Fredericks no-tilled soybeans into a 2-foot high green cereal rye cover crop this spring. Nitrate levels from tile sampled in the field this spring were 3.46ppm and 3.22 ppm—very low levels of nitrate in tile waters. “The stream we’re trying to prevent nutrients from entering, Rock Creek, is currently testing about 10 ppm in nitrate-N,” Fredericks says. “That tells me my practices are helping make Rock Creek cleaner.
When his replicated plots of strip till and conventional till in 2005 both produced 194-bushel corn yields, Fredericks was sold on that practice. “On our heavy soils, strip till made us money, reduced labor, gave me some family time back, improved rain absorption, reduced soil erosion, and rebuilt lost organic matter,” Fredericks said.
After running a strip till machine and seeding cover crops last fall, Fredericks planted corn no-till this spring.
He did an equipment cost analysis the next 8 years and concluded he was saving $65/ac in equipment and $27/ac in labor costs each year with strip till compared to conventional tillage. Using no-till, strip till and cover crops, he’s seen organic matter levels grow from 3 percent in 1984 to 4 to 6 percent in 2015.
Iowa’s hydrology changed
McMahon said Iowa’s hydrology was changed when 10 million acres of corn and soybeans replaced hay and small grains in the state during the last half of the 1900s. “We’re putting 7 acre-inches more water into our streams as a result of losing small grains and pasture,” McMahon said.
The gap between current levels of key water quality practices applied and required levels to meet the goals of Iowa’s Nutrient Reduction Strategy is huge.
The intensive cropping presents a challenge in meeting Iowa’s Nutrient Reduction Strategy, McMahon admits. “At current rates of practice application, it would take a century to meet the strategy’s goal of a 45% reduction in nitrate and phosphorus in Iowa streams and rivers, McMahon said, “so it’s going to take a transformational change.”
Challenges with landowners, short farmer leases
Buman pointed out that regions of the Midwest with the highest rates of nitrogen loss to streams and rivers correlate with the regions with high absentee ownership. In Iowa, 59 percent of the land is owned by absentee landowners who do not operate the land, Buman said, and those absentee landowners invest very little money in conservation practices. A survey of 638 absentee Iowa landowners in 2010 found that half the landowners invested less than $5,000 on conservation in the preceding 10 years, and only 20% of them spent more than $15,000 over those 10 years.
A 2010 survey of selected absentee landowners in Iowa indicated low levels of investment in conservation practices over the past ten years.
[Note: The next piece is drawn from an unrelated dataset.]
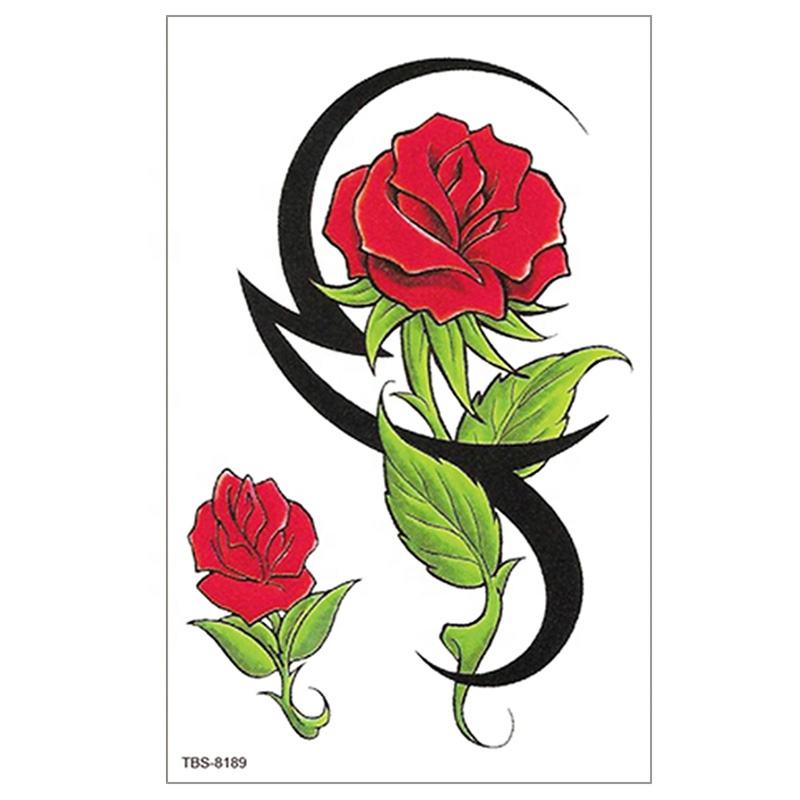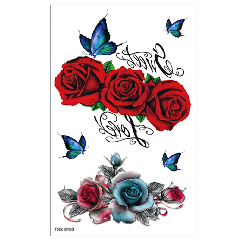 สติกเกอร์ลายดอกไม้ชั่วคราวแบบสีน้ำลายกุหลาบและลิลลี่สำหรับผู้หญิง กันน้ำ ติดได้ที่หน้าอก เอว ลายดอกไม้ 3 มิติ แบบกระดาษ TBS

“In a business arrangement with a short-term lease, how can we expect tenant farmers to install conservation practices that may not guarantee a return on investment, or practices that take years to recoup the initial investment?” Buman asked. “I don’t think we can expect them to bear this huge financial burden. But I do think we can expect more from absentee landowners. In fact, we can’t solve the nitrogen problem without them.”